Dalkowski was a 5-foot-10 left-hander who wore glasses, didn’t really look like a ballplayer and never acquired a cool nickname. He drank too much and remained stuck in the minors until his career flamed out in 1966. LaLoosh, a tall, fun-loving, good-looking righty bound for the big leagues, lives forever in the classic film “Bull Durham.”
What they shared was the ability to throw a baseball extraordinarily fast and comically wild (although Nuke eventually learns to harness his energy). Neither pitcher, in real life or on film, was accurately timed, but it’s a given they hit 100 mph - a magic number that by itself guarantees little success but connotes the mythic quality of an achievement beyond the reach of most mortals.
“It’s the triple-digit thing,” said Ron Shelton, a former minor leaguer who used Dalkowski as inspiration for LaLoosh in the movie he wrote and directed. “It’s a goal, whether it’s meaningful or meaningless. It reverberates. There’s a digital board in every stadium, and after every pitch, you look up there.”
In a few months, Nationals fans might be doing the same thing with Stephen Strasburg, whom the club is expected to take Tuesday with the first pick in major league baseball’s first-year player draft. Generally regarded as the best pitching prospect in years, Strasburg has an arsenal of weapons. But the one everybody talks about is a fastball clocked at upward of 102 mph.
Welcome to the 100 mph club, kid.
“It’s a number that is recognized as the elite of arms,” said Hall of Fame pitcher Nolan Ryan, the all-time strikeout king who threw harder for longer than any pitcher in history. “So when someone throws at that level, it gets people’s attention.”
Said Shelton: “We like strikeouts, and we like home runs.”
In other words, fans like speed and power, and the 100 mph fastball, often heard but not seen, combines both. If you can throw that hard, you’re called a “power pitcher.” Even better is when you can throw that hard for strikes. It took a few years for Ryan, now the Texas Rangers’ president, to learn how to do that. Dalkowski never did.
Shelton followed Dalkowski by a few years in the Baltimore Orioles’ farm system and heard all the stories about his speed and wildness. Dalkowski reputedly hitting an announcer in the press box and a mascot. Dalkowski hurling a baseball through a wooden fence on a bet, firing three pitches through a backstop during a game, breaking an umpire’s mask in three places and causing a concussion. He supposedly pitched a no-hitter while striking out 18 and walking 20.
Ted Williams faced one batting-practice pitch from Dalkowski before dropping his bat and leaving the cage. Williams and others said Dalkowski was the fastest they ever saw, but he never escaped the minors, where he went 46-80 with a 5.59 ERA in nine seasons. In 995 innings, he struck out 1,396 and walked 1,354.
He also was a serious alcoholic.
In a way, Shelton said, “It was like talking about Michael Jordan or LeBron James.

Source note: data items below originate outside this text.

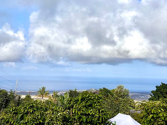 Located at a cool ~1540 ft. elevation above the airport, this clean 3/2 single level, hillside home has ocean views and cool breezes. This 17,000+ sq. ft. lot features plenty of extra space in both the front and back yards with yet another separate grassy area, with a covered lanai, perfect for kids or animals. The large front yard can easily accommodate 10+ cars and the extra large backyard can be accessed via a lower driveway or through the existing gate system and can be used for gardens, extra parking, or even to build another structure. Pineapples, figs, papayas, lilikoi, mint, ginger, bananas, dragon fruit, and avocados are on property.<br><br>Included is a leased Sunrun PV system and backup battery, which can transferred to new owners upon completion of Sunrun's assumption guidelines.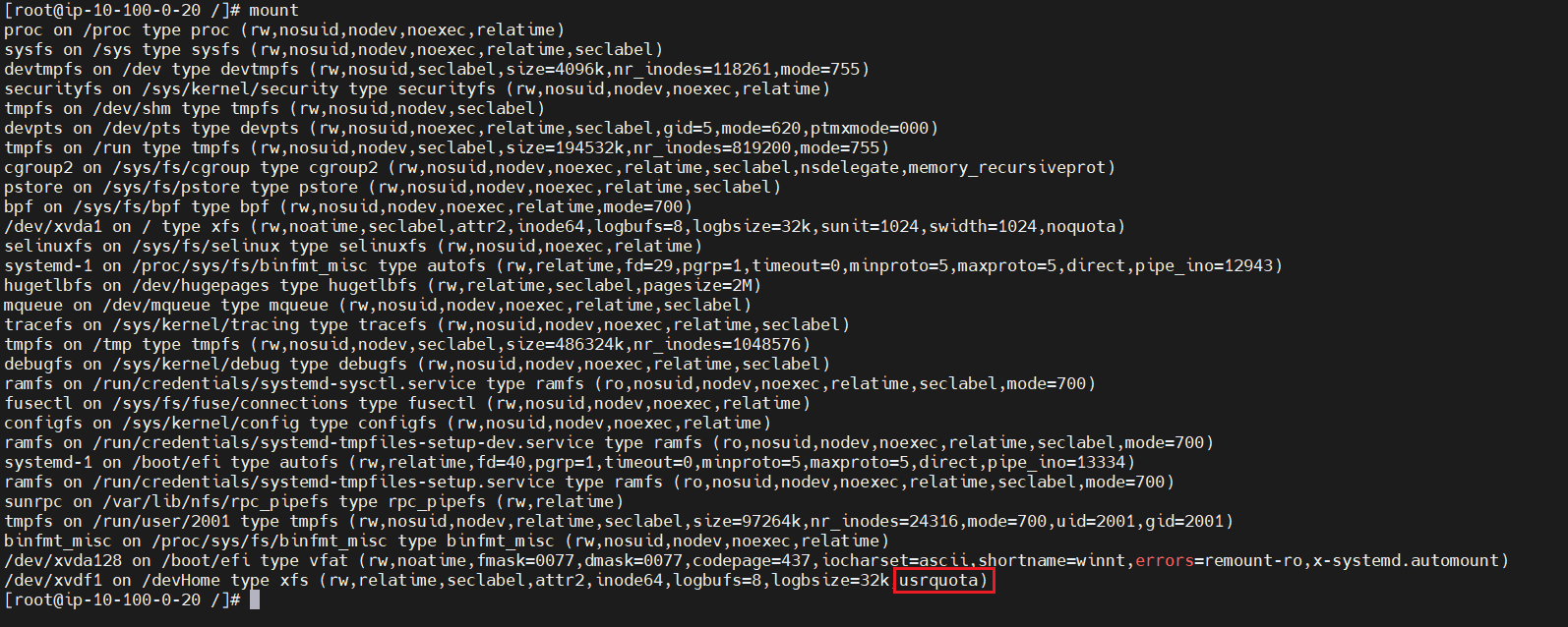 맨 아래줄에 방금 마운트한 디스크에 usrquota 속성이 적용된 것을 확인합니다.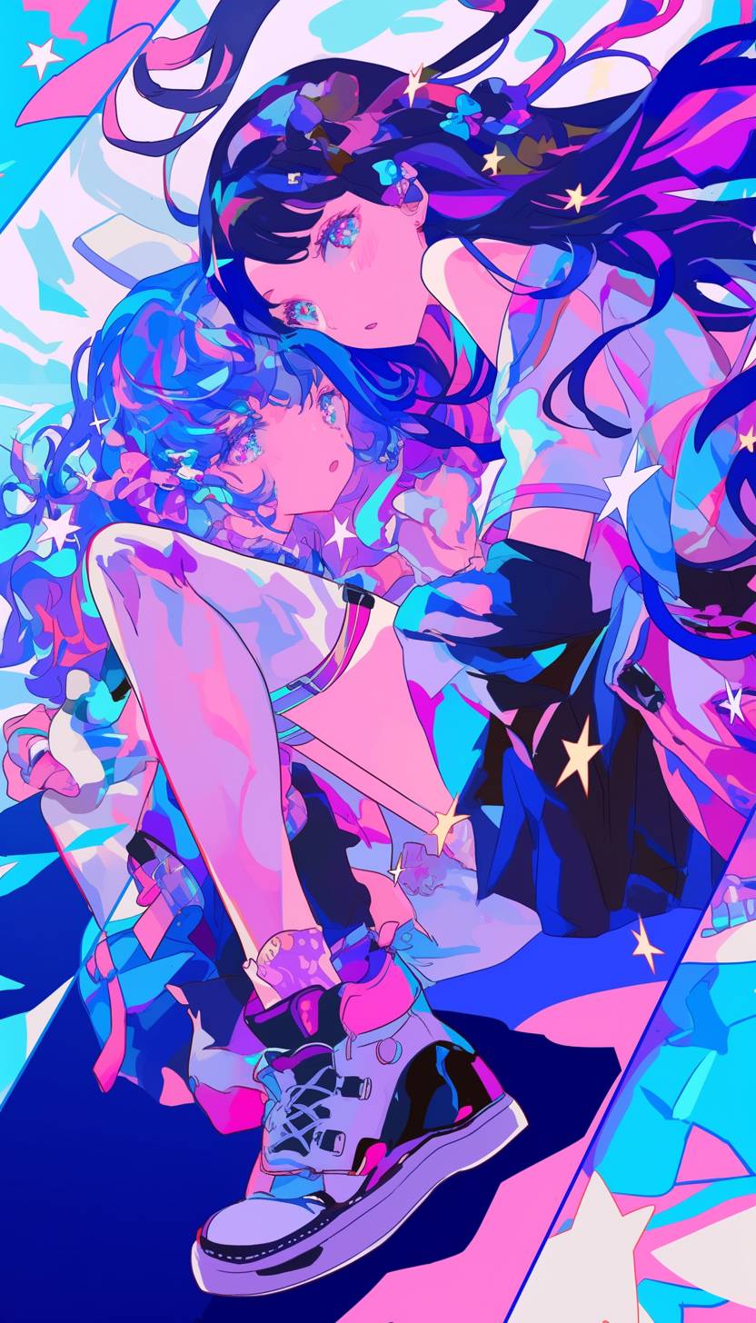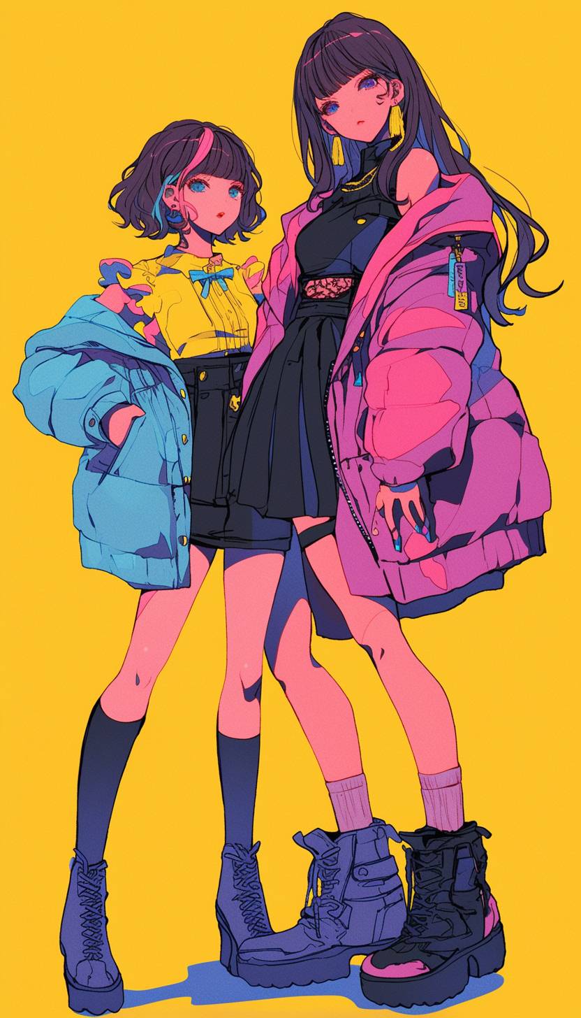 두 명의 아름답고 멋진 소녀들, 가상 아이돌 스타일, 마이 요네야마 스타일, 풍부한 디테일, 다채로운 눈, 전신 초상화, 광각 렌즈, 그림의 긴장감.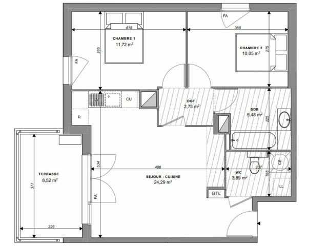 Situé au 1 er étage, cet appartement T3 de 58 m² environ habitables se prolonge par une terrasse de 9 m² environ.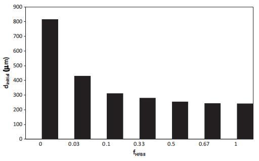 圖8給出了以與圖3相同的HFBII:WPI比率制備的兩種泡沫的初始?xì)馀莩叽纭W钪匾挠^察結(jié)果是,少量HFBII(來自fHFBII 0.03)在很大程度上影響泡沫的初始?xì)馀莩叽纭4送?,似乎從WPI主導(dǎo)向HFBII主導(dǎo)的行為轉(zhuǎn)變發(fā)生在fHFBII~=0.2,對應(yīng)于朗繆爾槽中吸附層中觀察到的轉(zhuǎn)變(圖6)。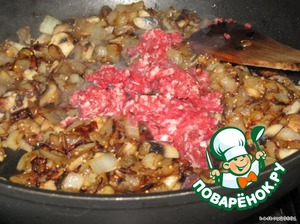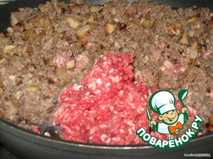 Вот тут она посолила и поперчила лук и начала помаленьким жменькам ( порциям) добавлять фарш
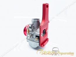 La plaque du carburateur est fabriquée en aluminium 6062 T6 et anodisée en rouge. Outre la possibilité d'installation dans des espaces restreints, comme dans le Ciao, le collecteur d'admission permet de raccourcir considérablement la course d'admission et donc d'obtenir une bien meilleure réponse.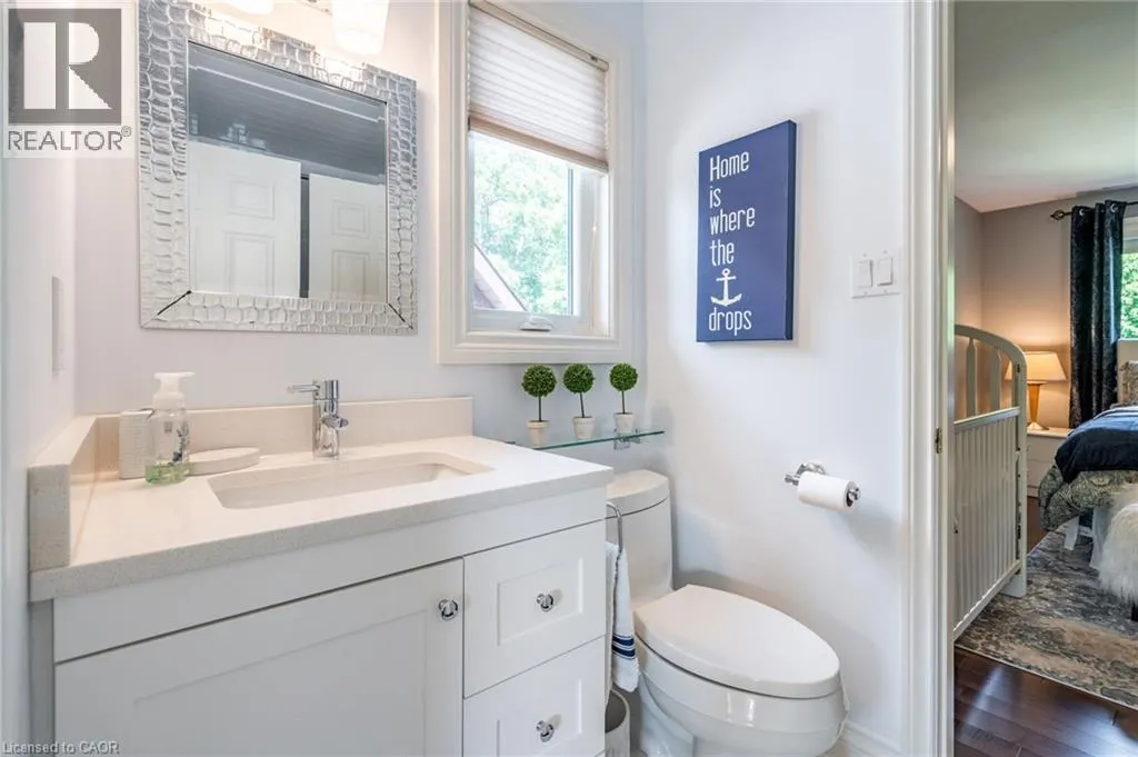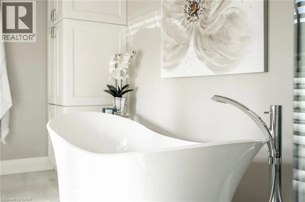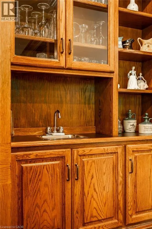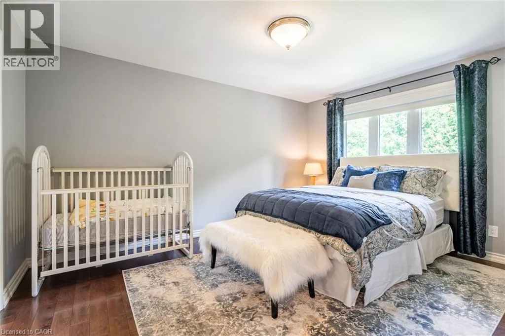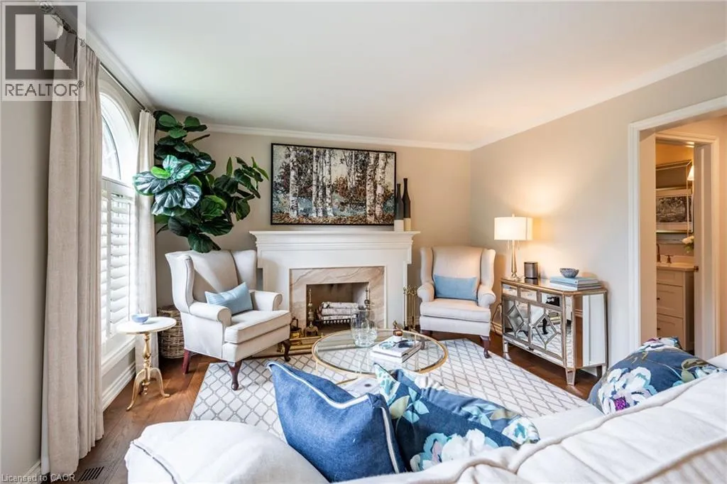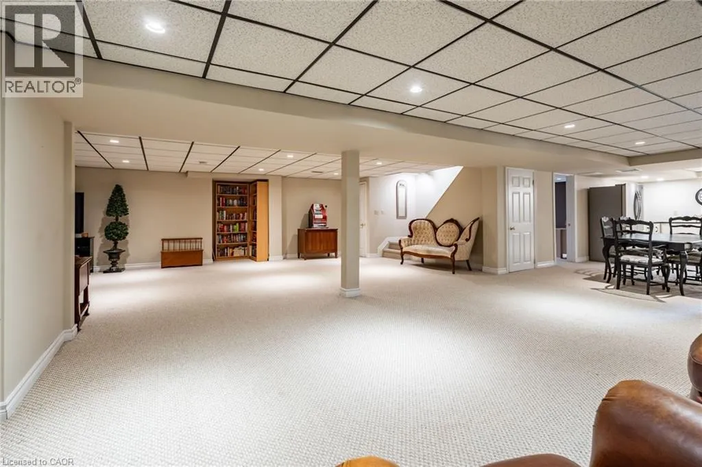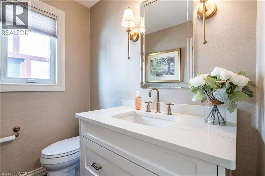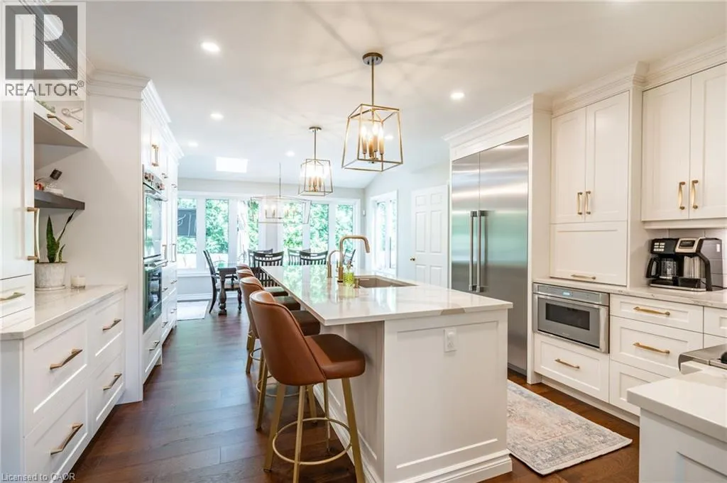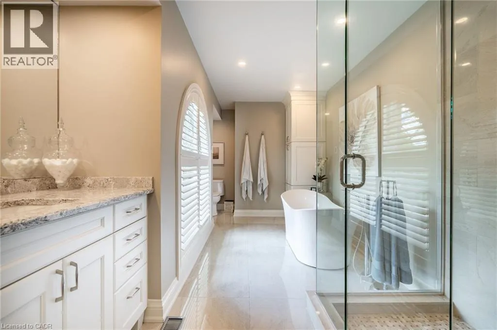 Golf Links Rd to Chancery Dr to Peppertree Cres Exceptional Estate in One of Ancasterâs most sought-after Neighbourhoods! Just steps from the prestigious Hamilton Golf & Country Club, this remarkable estate offers over 4000sqft above grade of living space on a generous pie-shaped lot w/ lush landscaping, inground pool & a resort-like bckyrd! The approach alone is unforgettable- youâre greeted by a picturesque streetscape, grand windows & exterior drs (replaced â11ââ15), extensive stonework & landscaping (â14) & an incredible architectural presence. Inside, a stunning dbl staircase (renoâd Spring â21) makes an immediate statement. Beneath the staircase, the elegant great rm feat rich oak wainscoting & a gas fp, creating a warm yet sophisticated gathering space. Main flr hdwd â21. The kitchen, fully renoâd in â21, boasts Cambria quartz countertops & premium Thermador appl. Step outside from the kitch to an extraordinary, bckyrd oasis designed for entertaining! Highlights include two gas fp, multiple outdoor entertaining areas, an impressive L-shaped pool & ample green space for children and pets. Landscaping by Cedar Springs in â11. The main lvl also offers a gracious living rm w/ a wood-burning fp, a formal dining rm, a regal office w/ oak detailing and wainscoting, a 2-pc bthrm and a convenient main-flr lndry rm off the grg w/ heated floors. Upstairs, youâll find 4 generously sized bdrms and 3 full bthrms. The childrenâs rms share a Jack & Jill bthrm reno'd in 15', while the luxurious primary suite feat his-and-hers w/i closets, a spa-like ensuite reno'd in 15' w/ Cambria Quartz countertops, heated flrs, and an addâl gym or private office. The lower lvl offers exceptional versatility, w/ a spacious bdrm, full kitch w/ granite countertops (â15), and a renoâd bthrm w/ heated flrs (â15). With a sep entrance, this lvl is ideal for summer entertaining, pool access, or extended family living. A truly rare offeringâprivate, elegant, and perfectly locatedâthis home delivers timeless design & an unmatched lifestyle. (id:27476)

This was some other kind of a creature. He was 5-10, wore glasses and short-armed the ball. He’s the last guy in the world you’d think could throw that hard.”
Shelton said he was enthralled with “the idea of a guy with this gift from the gods that doesn’t know what to do with it.”
Other hard throwers have known what to do with it, but how fast did they really throw? Timing the speed of pitches always has been problematic. Even now, radar gun readings vary. In the 1940s, Bob Feller was timed at 98.6 by a photo cell device at the Army’s Aberdeen Proving Ground in Maryland. The only serious effort to time Dalkowski’s fastball took place in 1958, also in Aberdeen, not far from where Ripken Stadium now stands. Using a primitive radar device, he was timed at 93.5 mph, but that was laughable. It took Dalkowski 40 minutes of nonstop pitching to get a reading - a day after he threw about 150 pitches in a game.